Adrian Baron, the former chief business officer and former CEO of Loyal Bank, an off-shore bank with offices in Budapest, Hungary and Saint Vincent and the Grenadines, pleaded guilty to conspiring to defraud the United States by failing to comply with FATCA.
In a statement from the U.S. Attorney’s Office, Baron admitted to setting up multiple opaque bank accounts for a purported stock fraudster in order to evade detection by U.S. authorities in violation of the Foreign Account Tax Compliance Act, the marking the first conviction of its kind.

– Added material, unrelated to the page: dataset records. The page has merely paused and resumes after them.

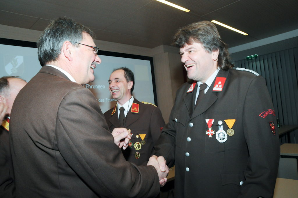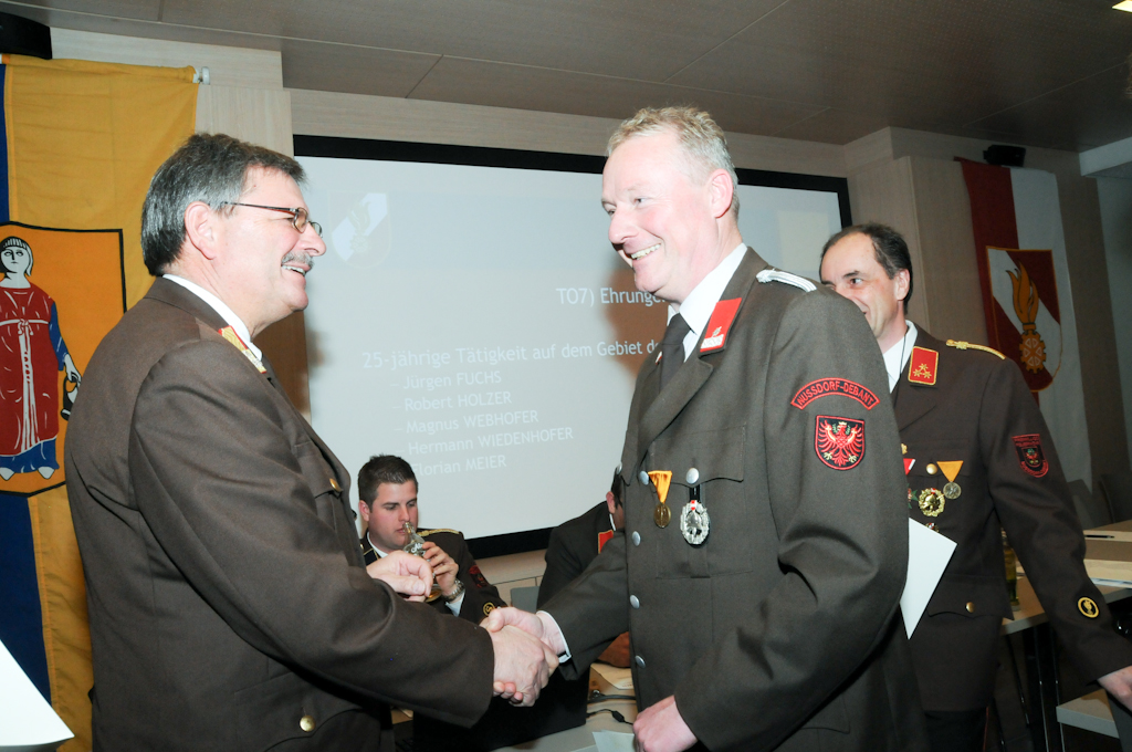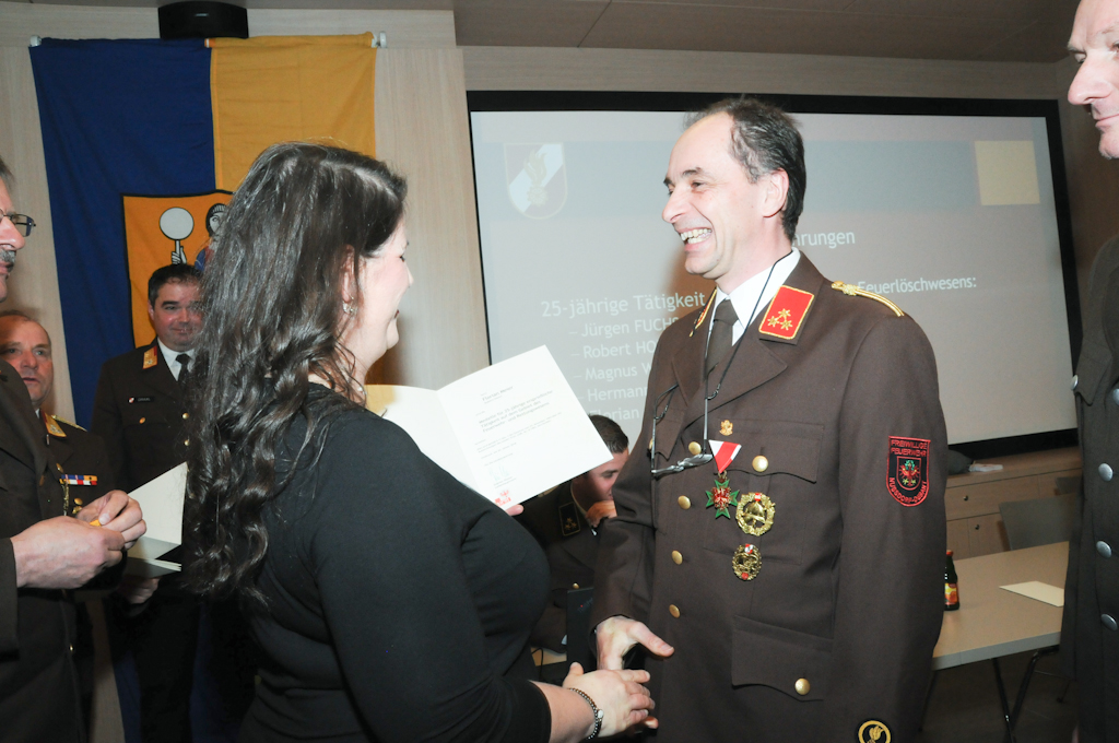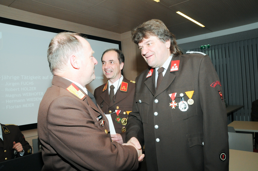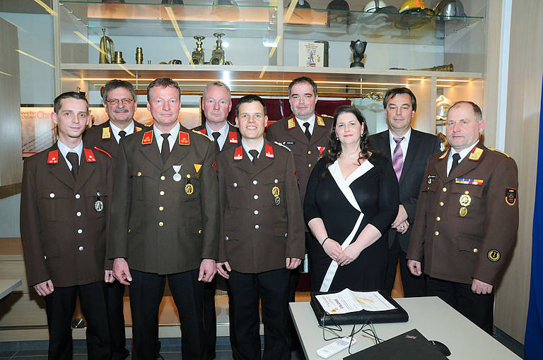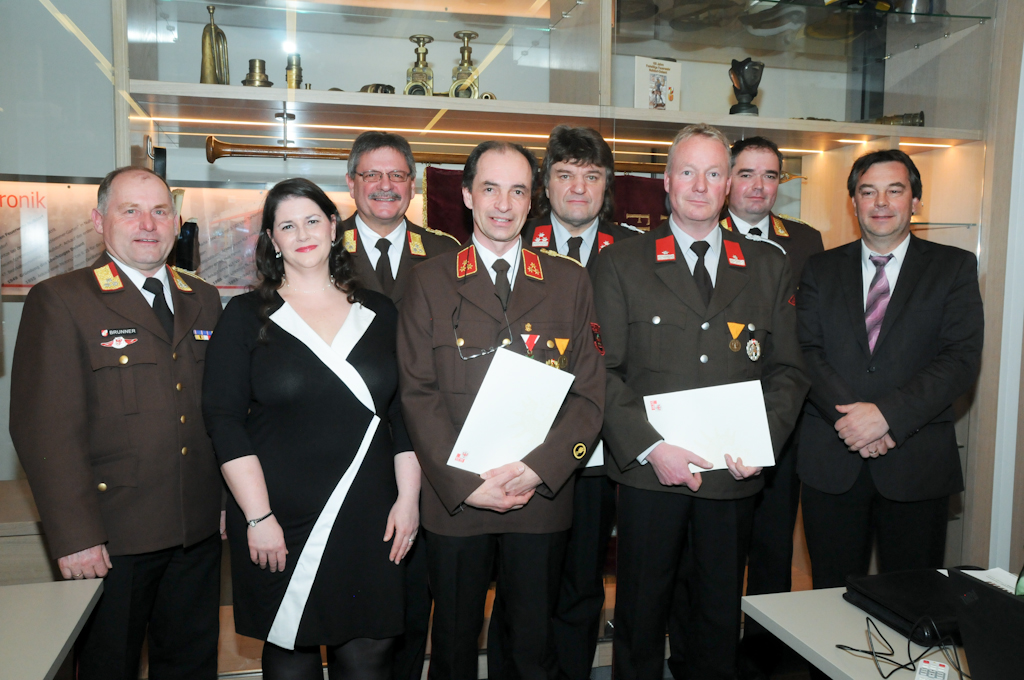 Die Ehrung für 25-jährige Tätigkeit auf dem Gebiete des Feuerlöschwesens erhielten Jürgen Fuchs, Robert Holzer, Magnus Webhofer, Hermann Wiedenhofer und Ing. Florian Meier.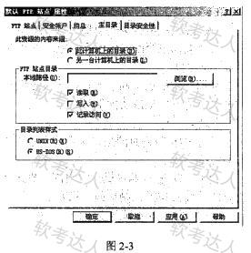 图2-3是配置FTP服务时的主目录选项卡,“本地路径”栏的信息默认为(3)。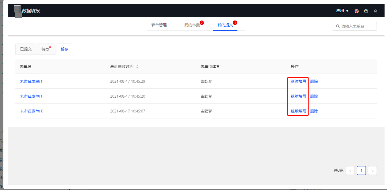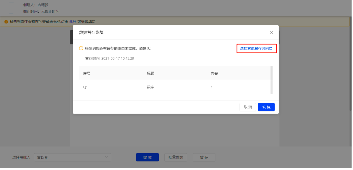 若没有点击继续填写,再次打开填写页面,可以选择数据暂存恢复。
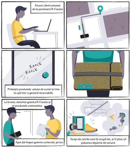 R-CREATE este un ambalaj returnabil ușor de accesat și folosit pentru a livra comenzile online acasă fără a crea deșeuri suplimentare.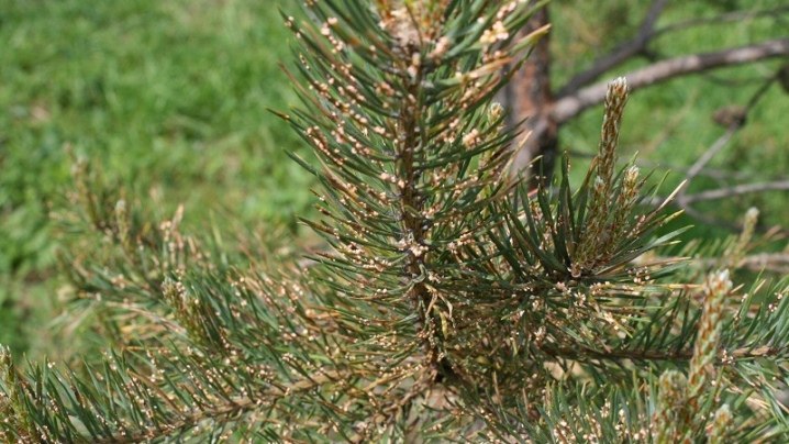 - изменение внешнего вида хвои и веток – пожелтение (например, при ржавчине) или потемнение (некроз);
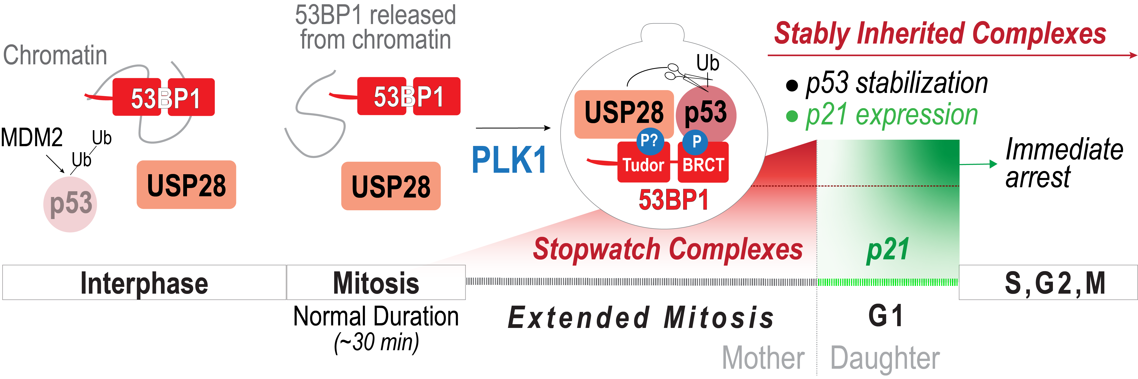 During an extended mitosis PLK1 triggers the formation of a Mitotic Stopwatch Complex that stabilizes and activates the tumor suppressor p53. This complex accumulates during one or successive prolonged mitoses and ultimately causes cell arrest or cell death.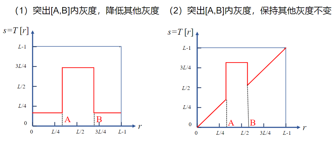 空间域内将一个灰度区间映射到另一个灰度区间:\(g(x,y)=T[f(x,y)]\),T为在(x,y)邻域上定义的算子
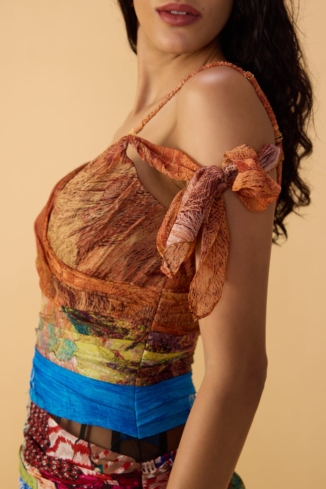 Multi Print Cold Shoulder Maxi Dress With Surplice Bodice, Gathered Waist And Side Keyhole Detailing.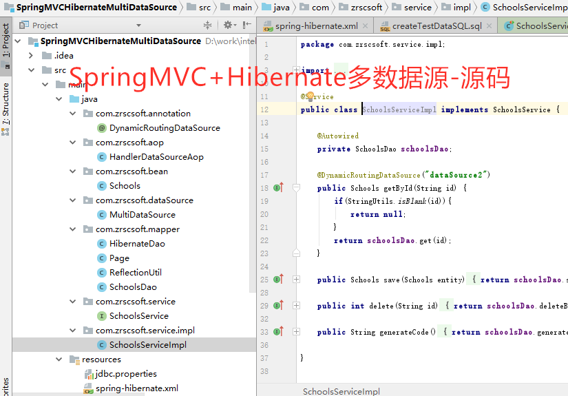 4.执行SpringMVCHibernateMultiDataSource\src\test\java\com\zrscsoft\service\SchoolsServiceTest.java单元测试方法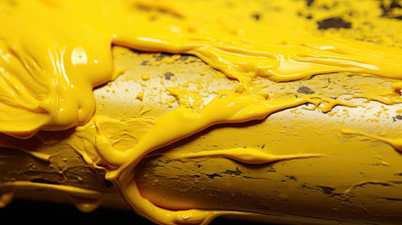 Bold golden yellow paint skillfully applied on textured surface radiates creativity.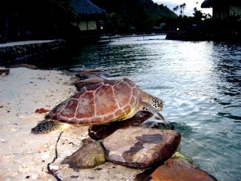 The Sea Turtle Rehabilitation Centre was established at the InterContinental Resort in February 2004. The turtles at the center are sick, injured or handicapped or have been seized by customs and turned over the Tahitian Department of Environment. They are given to the centre to be cared for and nursed back to health, then tagged and released into the open ocean. The most common sea turtles found in Polynesian waters are the green sea turtle and the hawksbill turtle.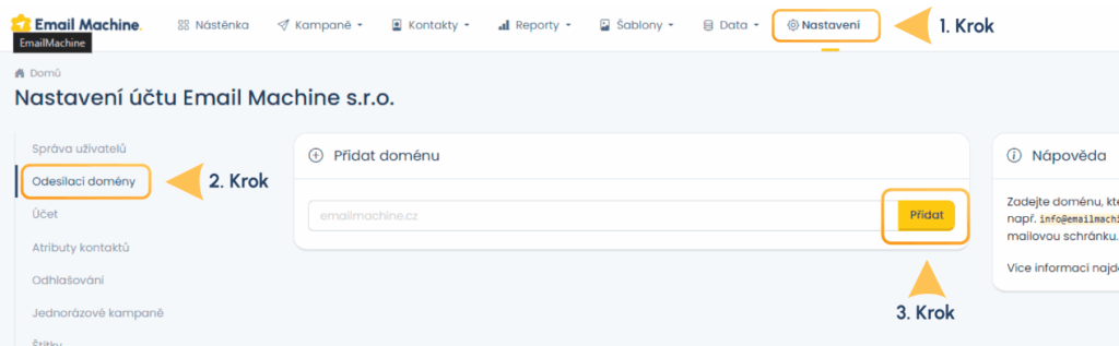 Nejprve si vybavte, u kterého webového registrátora, máte zaregistrovanou doménu, ze které chcete odesílat. Právě tam v administraci nastavíte nové textové záznamy pro Email Machine.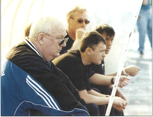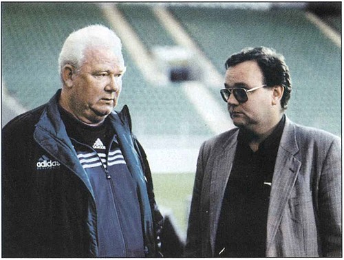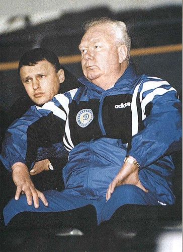 В. Лобановский и И. Суркис на стадионе «Динамо» (которому впоследствии будет присвоено имя Лобановского)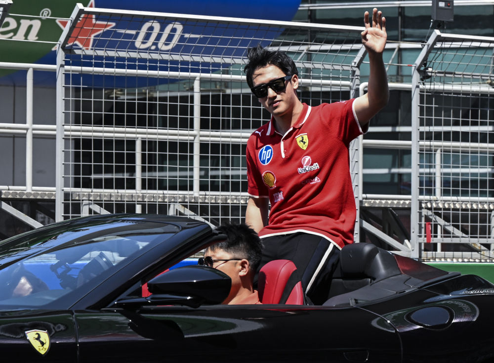 2025年3月23日,法拉利车队储备车手周冠宇参加车手巡游仪式。当日,世界一级方程式赛车锦标赛(F1)中国大奖赛车手巡游仪式在上海国际赛车场举行。新华社记者 贺长山 摄
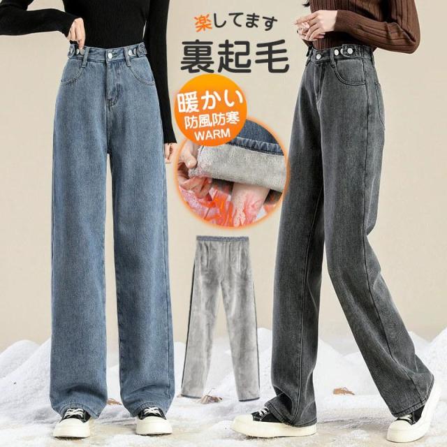 デニムパンツ ワイドパンツ ガウチョパンツ レディース 防寒パンツ 裏起毛 あったか 秋冬 体型カバー ゆったり ズボン 裏ボア ストレート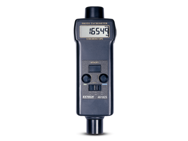 Realice mediciones de RPM con tacómetro, velocidad estroboscópica y análisis de movimiento con el fototacómetro y estroboscopio combinados 461825 de Extech. La pantalla única invierte la dirección de los caracteres según el modo de medición que esté utilizando. La memoria del tacómetro almacena las lecturas última, máxima y mínima para recuperarlas. La luz estroboscópica cuenta con ajustes de frecuencia de flash finos y de curso en 3 rangos. Se completa con 4 pilas AA, cinta reflectante y estuche de transporte.
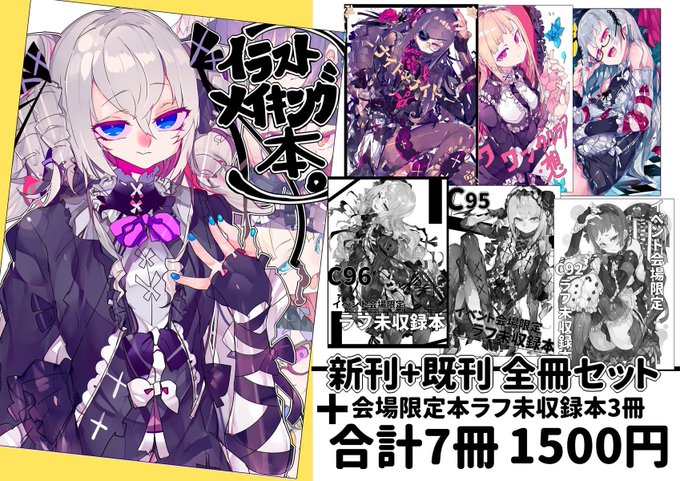 【ゴスロリ系イラスト本7冊全冊セット】1500円やアクキーなどを頒布予定です。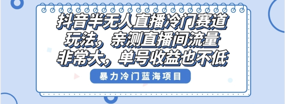 正文 抖音半无人直播项目,直播间流量大,单号收益也不低 公众号推广接单平台 V评论者 /2024-01-18 08:39:34/2.34 K阅读/0评论 0118 抖音半无人直播冷门赛道玩法,直播间流量非常大,单号收益也不低!.项目介绍今天这一期,我主要给兄弟们分享一个最近抖音半无人直播的冷门赛道的玩法,亲测像这样的直播间流量非常大,而且单号收益播一整晚下来也不低!课程目录:1、项目介绍2、准备+实操3、项目变现4、项目资料合作要求适合大学生,宝妈 上班族收益利润单日300➕费用说明需要电脑➕实名验证的抖音号扶持培训保姆级课程教学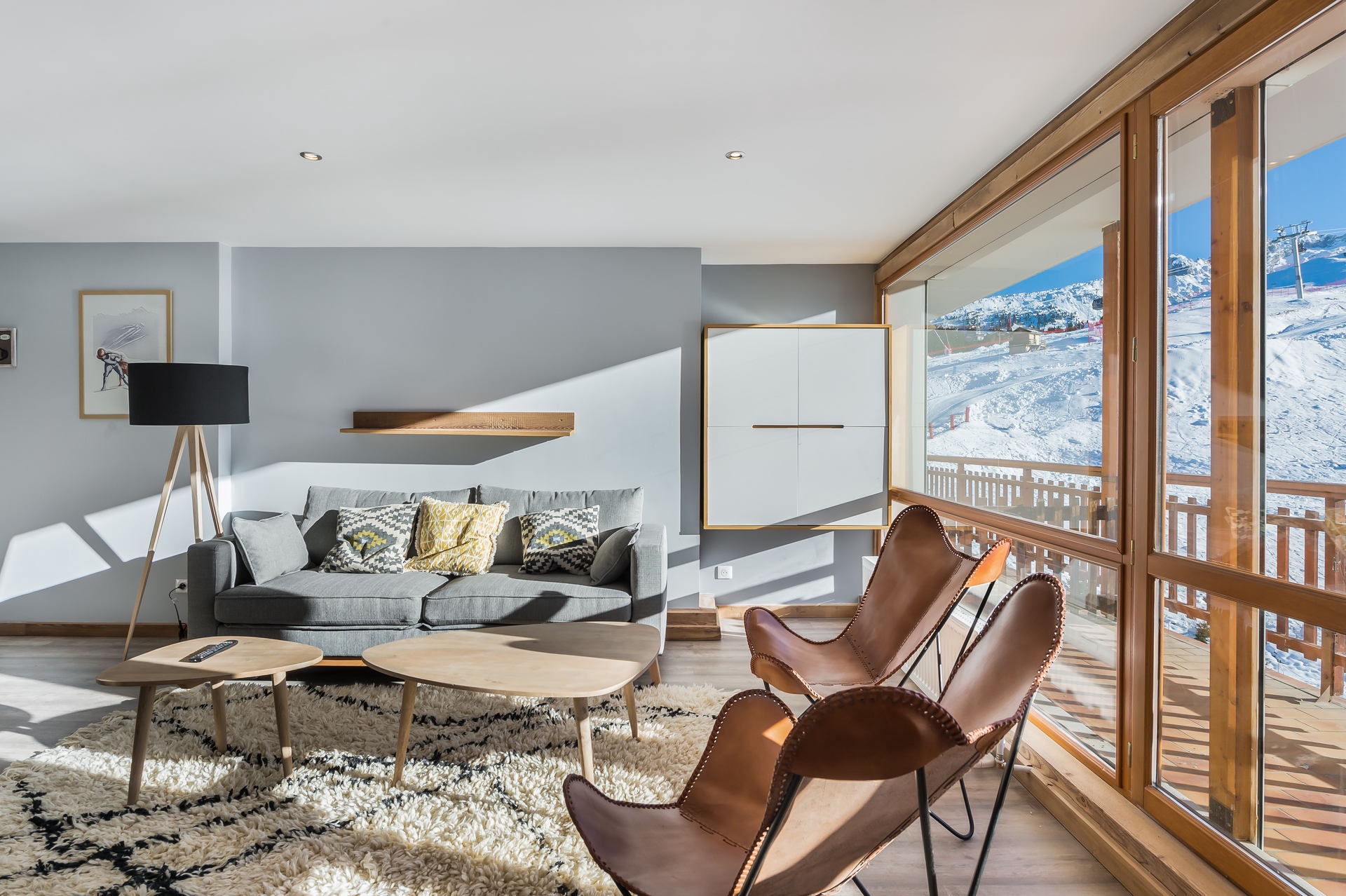 Cet appartement bénéficie d'une superbe vue sur le domaine skiable, les sommets et la vallée et d'un accès direct aux pistes à partir du 7ème étage.

FATCA is a federal law enacted in 2010 that requires foreign financial institutions to identify their U.S. customers and report information (FATCA Information) about financial accounts held by U.S. taxpayers either directly or through a foreign entity. FATCA’s primary aim is to prevent U.S. taxpayers from using foreign accounts to facilitate the commission of federal tax offenses.
The investigation started in June 2017, with an undercover agent telling Baron that he was a US citizen involved in stock manipulation schemes and was interested in opening multiple corporate bank accounts at Loyal Bank but did not want to appear on any of the account opening documents for his bank accounts.
According to the court documents, Baron said that Loyal Bank could open such accounts and provide debit cards linked to them.
A month later, the agent met with Baron and described how his stock manipulation scheme operated, including the need to circumvent the IRS’s reporting requirements under FATCA.
During the meeting, Baron reportedly stated that Loyal Bank would not submit a FATCA declaration to regulators unless the paperwork indicated “obvious” U.S. involvement. Subsequently, in July and August 2017, Loyal Bank opened multiple bank accounts for the undercover agent, without a request for FATCA Information.
Baron is the second defendant to plead guilty in this case. On July 26, 2018, Arvinsingh Canaye, formerly the General Manager of Beaufort Management Services Ltd. in Mauritius, pleaded guilty to conspiracy to commit money laundering.